Вообще Адольфу Абрамовичу было присуще особое политическое чутье, понимание тенденции развития. Он несомненно был одним из первых, кто еще в 20-е годы почувствовал, куда идет партия и страна и какую роль сыграет Сталин. Это предчувствие надвигающейся трагедии, шок от исключения из партии Троцкого на фоне тяжелой, неизлечимой болезни, когда сам он был бессилен что-нибудь сделать, конечно, приблизило час его самоубийства. Трагическая развязка наступила 10 ноября 1927 года. В это утро Адольф Абрамович сказал мне: «Если делу, которому ты посвятил себя, нельзя служить жизнью, ему нужно отдать свою смерть». И эти слова я вспомнила в тот миг, когда мне позвонили в редакцию «Гудка» (где я тогда работала) и сказали: «Мария Михайловна, катастрофа». В официальной печати в качестве главной причины самоубийства Иоффе указывалась его болезнь. Вне всякого сомнения, болезнь и особенно то обстоятельство, что он был прикован к постели, сыграли свою роль. Но все-таки главным толчком к его самоубийству было исключение из партии Троцкого и готовящийся Сталиным разгром оппозиции. По-видимому, в самоубийстве Иоффе увидел действенную и единственно доступную ему, тяжелобольному, форму протеста.
В западной печати и по сей день циркулирует документ, известный как завещание Иоффе, опубликованный вскоре после его смерти и сфабрикованный, по-видимому, сразу же после самоубийства. Если же говорить о подлинном завещании Иоффе, то им надо считать статью «Термидор начался», которую Адольф Абрамович написал незадолго до самоубийства и просил меня передать Троцкому. Эту статью успели прочесть только три человека Сосновский, Смилга и я, потому что сразу же после смерти Адольфа Абрамовича она исчезла.

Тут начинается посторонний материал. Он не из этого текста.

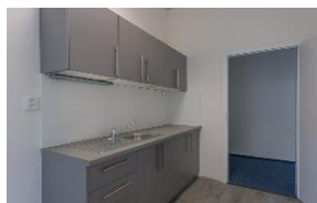
kuchynka prostor 269 - nábytek
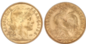
532 140 €
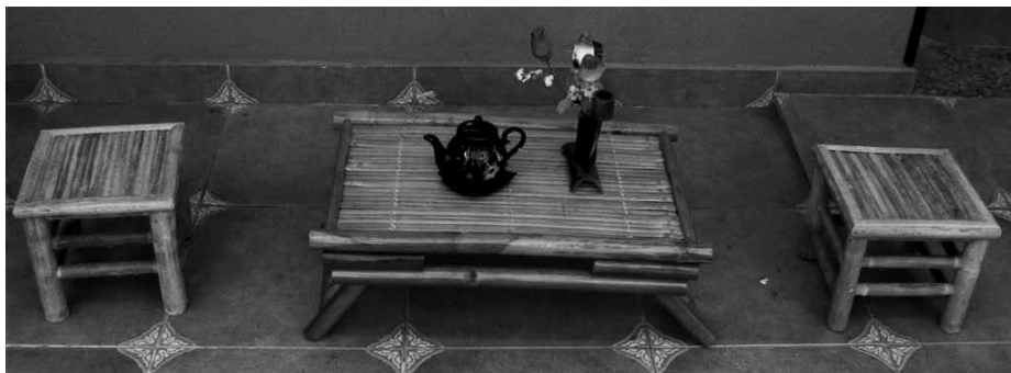
Sièges et table basse fabriqués à l'atelier menuiserie du Centre envol

Depuis que le Centre Envol a ouvert ses portes en février 2006, la production réalisée par les personnes handicapées s'est beaucoup développée.
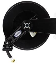
ENROULEUR ACIER POUR GASOIL EQUIPE FLEXIBLE 10M EN 3/4"
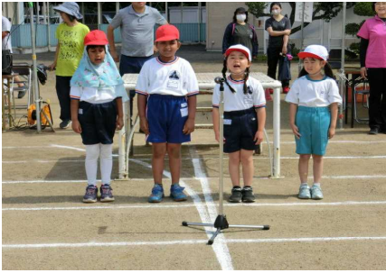
1年生のあいさつで運動会がスタート

5月27日(土)、運動会を実施しました。晴天に恵まれ、校庭には、1位を目指して最後まで走り切る姿、赤組・白組のために必死で応援する姿、心を一つに体いっぱいダンスを踊る姿等、笑顔と歓声があふれていました。応援いただいた保護者・卒業生・地域の皆様、ありがとうございました。
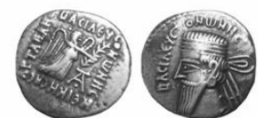
سکه نقره درهم وُنن اول (۸-۱۲ م.) S 60.5, Mint Ecbatana

В своей статье Иоффе уже все называл своими именами: «Начался термидор…» Начался с исключения из партии Троцкого, Сталина он называл могильщиком революции. Упрекал он в этой статье и лично Троцкого: «Вы всегда правы, но вы всегда отступаете!» — обращался к нему Иоффе. Разумеется, этот документ никогда не мог быть предан огласке. И именно поэтому, наверное, когда мне позвонил в редакцию живший у нас товарищ Адольфа Абрамовича и сообщил о катастрофе, меня по приезде домой даже не подпустили к телу мужа. В квартире уже полным ходом шел обыск. Проводили его несколько человек, руководил операцией некто Беленький (которого, кстати, через несколько лет, я уже зэком встретила в лагере). Но в тот момент в течение всего обыска меня заставили сидеть в детской, в комнате Волечки. Они изъяли целый ящик документов, туда же сгребли содержимое ящиков письменного стола. Больше этих документов я уже никогда не видела.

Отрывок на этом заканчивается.